La Fondation de l’art pour la guérison n’est qu’un intermédiaire. Les établissements de santé sont considérés comme différentes galeries d’un même et immense musée. Lorsqu’ils reçoivent des dons, Earl et Gary ciblent l’emplacement le plus pertinent selon la clientèle, les sensibilités de l’institution, la spécialité médicale et les besoins. Les fondations des hôpitaux deviennent propriétaires des œuvres léguées. Ce qui peut devenir une toute petite ombre au tableau. Qu’adviendra-t-il, par exemple, des toiles installées à l’hôpital Saint-Luc après sa destruction ? « Le nouveau CHUM a sa propre équipe, et nous sommes en discussion », dit Gary. Le groupe d’ingénierie SNC-Lavalin, responsable du projet, interdit par ailleurs que des clous soient plantés sur les murs du nouveau CUSM, soit la méthode d’installation privilégiée par la fondation.

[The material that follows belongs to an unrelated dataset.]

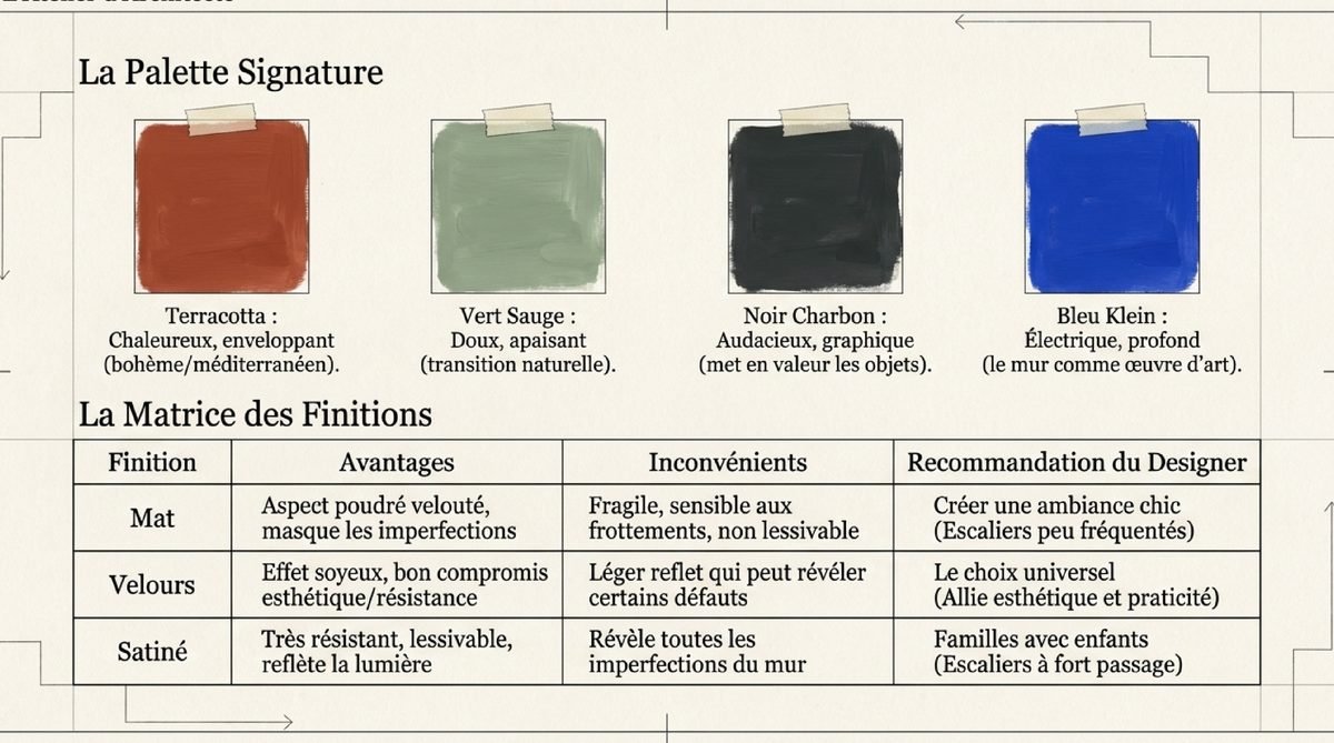 | Mat | Aspect poudré et élégant, masque les petites imperfections du mur. | Fragile, sensible aux taches et aux frottements, non lessivable. | Créer une ambiance feutrée et chic, pour les escaliers peu fréquentés. |

Ces considérations restent toutefois bien secondaires pour Gary et Earl. Ce dernier se rappelle une entrevue accordée il y a 15 ans, presque jour pour jour. « Je disais que mon rêve, c’était que nous soyons un exemple partout au Québec et au Canada de ce qui est possible entre la créativité et la santé. » Aujourd’hui, son sourire est à l’image des milliers de tableaux qui expriment tant sans dire un mot.